L’utilisation de ces deux arguments est à nouveau très révélateur des opinions de Michèle Rivasi. Le biais de confirmation est à nouveau la raison la plus évidente qui justifie l’utilisation de ces arguments.

Il existe aujourd'hui six ou sept modèles théoriques différents tentant d'expliquer pourquoi l'homéopathie marche.
Vous faites mention à la théorie de la mémoire de l'eau, inventée par le chercheur de l'Inserm Jacques Benveniste, qui n'a jamais pu être reproduite, et est aujourd'hui mondialement connue comme un formidable fiasco. Comment, en tant que biologiste, pouvez-vous accréditer cette thèse ?

Mais je n'en sais rien ! On sait que la science avance et progresse au fil du temps. Il faut bien se garder d'avoir des avis définitifs sur les choses, parce qu'on a d'abord des phénomènes, et après des théories ou des modèles explicatifs pour décrire les choses. Il existe aujourd'hui six ou sept modèles théoriques différents tentant d'expliquer pourquoi l'homéopathie marche : la mémoire de l'eau en est un, l'approche quantique en est un deuxième, des Italiens travaillent sur la notion de nanopharmacologie… Il y a aussi d'autres recherches en cours sur l'homéopathie appliquée aux plantes.

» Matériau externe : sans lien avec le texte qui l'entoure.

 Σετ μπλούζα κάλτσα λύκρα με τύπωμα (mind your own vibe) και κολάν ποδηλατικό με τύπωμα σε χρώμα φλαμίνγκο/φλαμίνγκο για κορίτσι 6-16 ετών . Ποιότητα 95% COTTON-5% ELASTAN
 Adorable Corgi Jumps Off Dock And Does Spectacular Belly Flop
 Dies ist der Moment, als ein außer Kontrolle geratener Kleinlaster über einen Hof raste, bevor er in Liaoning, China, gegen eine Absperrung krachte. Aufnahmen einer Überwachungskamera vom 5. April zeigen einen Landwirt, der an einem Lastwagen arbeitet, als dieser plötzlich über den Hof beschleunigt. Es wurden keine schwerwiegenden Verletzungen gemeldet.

Mon argumentaire est simple : on utilise l'homéopathie depuis environ deux cents ans. Et cela fonctionne ! L'homéopathie a un effet chez certains patients et sur certaines maladies, sinon on n'aurait pas autant de patients qui se soignent à l'homéopathie. Les gens observent que lorsqu'ils donnent des granules à leurs enfants atteints d'otites ou de maladies ORL, les symptômes disparaissent. Je me dis : c'est très bien ! J'ai aussi rencontré des vétérinaires qui ont montré l'effet positif des granules dans des élevages de poules. Cela interroge sur le seul effet placebo de l'homéopathie.

Je ne vais pas m’intéresser à la première partie de la réponse bien que je la trouve illogique et qu’il y aurait beaucoup de chose à en dire !

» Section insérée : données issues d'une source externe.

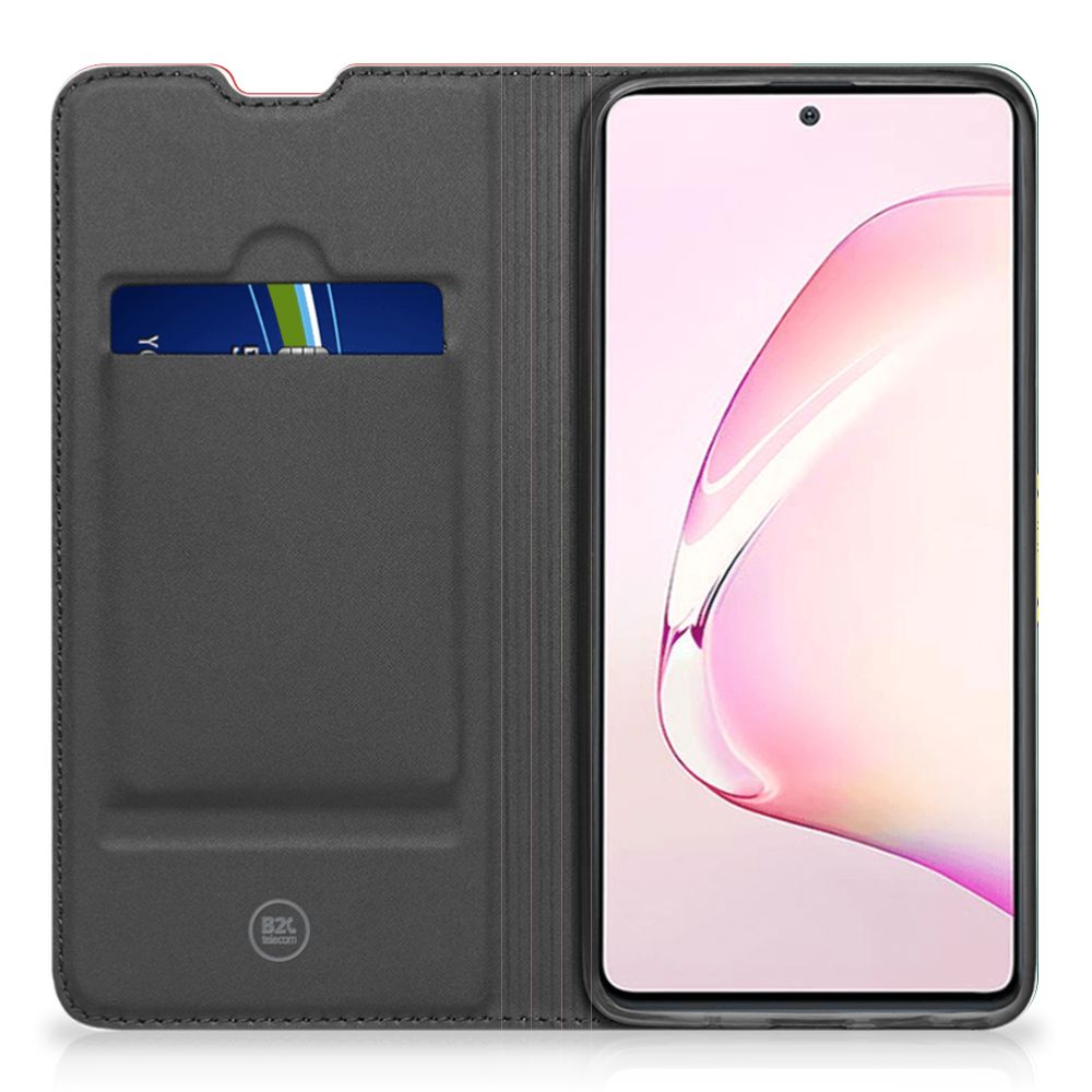 Vroeger werden vlaggen gebruikt om een boodschap over te brengen of een ridderorde aan te duiden. Tegenwoordig worden vlaggen gebruikt voor verschillende doeleinden. Een vlag kan worden gebruikt om te verwijzen naar een land, stad of beweging. Het staat symbool voor de nationaliteit van de mens. In onze collectie hebben wij alle Europese vlaggen opgenomen. De vlag wordt gedrukt op een Standcase voor de Samsung Galaxy Note 10 Lite en heeft een vakje voor pasjes. Het fijne aan dit hoesje is dat je het horizontaal als standaard neer kunt zetten. Door de magneten aan de binnenkant wordt het hoesje afgesloten. Ook bieden wij de mogelijkheid om gratis je naam toe te voegen om het hoesje helemaal af te maken. Wil je meer vrijheid om het hoesje helemaal naar eigen wens te maken? Ga dan verder met ontwerpen in ons unieke ontwerpprogramma.
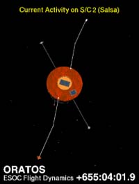 The lengthy deployment sequence began on Tuesday, when the first pair of wire booms on the Salsa spacecraft were released. The deployment started with the firing of pyros to open the protective covers on the four booms. Pulling against a small motor which braked their progress, the wires edged out of their housing at about one centimetre per second.
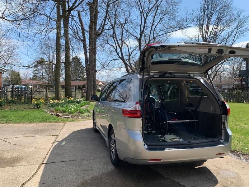 During the visit of my husband's parents and his niece from Japan, we didn't have much "hot" days. Their last day was warm enough to feel "the spring". My yards got more colors of daffodils after they left. It feels like that they left me a special treat behind. Thinking of them a lot. I put middle seats back in the minivan (Siena 2019) for them. And now I took them out again for a handcycle and a bicycle. Yes, it's the time for handcycle training!! (Well, we need to "play" with the weather-god, you know? April shower is surely coming, isn't it?)
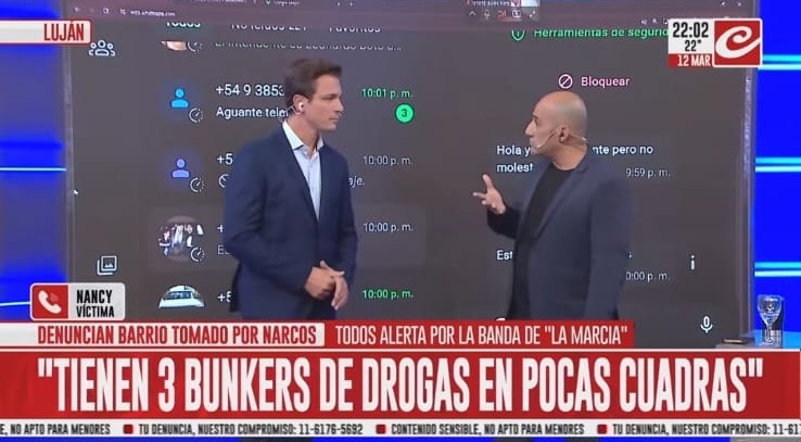 Debajo de las imágenes corría un graph con el texto: “Denuncian barrio tomado por narcos. Todos alerta por la banda de ‘La Marcia’. Tiene 3 bunkers de drogas en pocas cuadras”.

Je vais plutôt m’attarder aux différents éléments de son argumentaire.

on utilise l’homéopathie depuis environ deux cents ans

Ce type d’argument se nomme l’appel à la tradition (ou argument d’historicité) et il est fallacieux. En effet, ce n’est pas parce que quelque chose est vieille que ça veut forcément dire qu’elle est bonne ou qu’elle fonctionne.

sinon on n’aurait pas autant de patients qui se soignent à l’homéopathie

Autre sophisme bien connu : l’appel à la popularité. Une fois encore ce n’est pas parce que quelque chose est utilisée par un grand nombre de personne que ça signifie que cette chose est bonne ou qu’elle fonctionne.

Ces deux arguments fallacieux sont régulièrement utilisés en ce qui concerne l’homéopathie. Qu’ils suffisent à Michèle Rivasi pour faire son opinion sur le sujet est encore une fois très révélateur de son point de vue.

Conclusion

Durant cet exercice, nous avons étudié un argumentaire pour y déceler les sophismes et les rhétoriques fallacieuses.
Grâce à ce travail, il nous est possible de “lire entre les lignes” pour mieux comprendre les opinions cachées derrières les discours.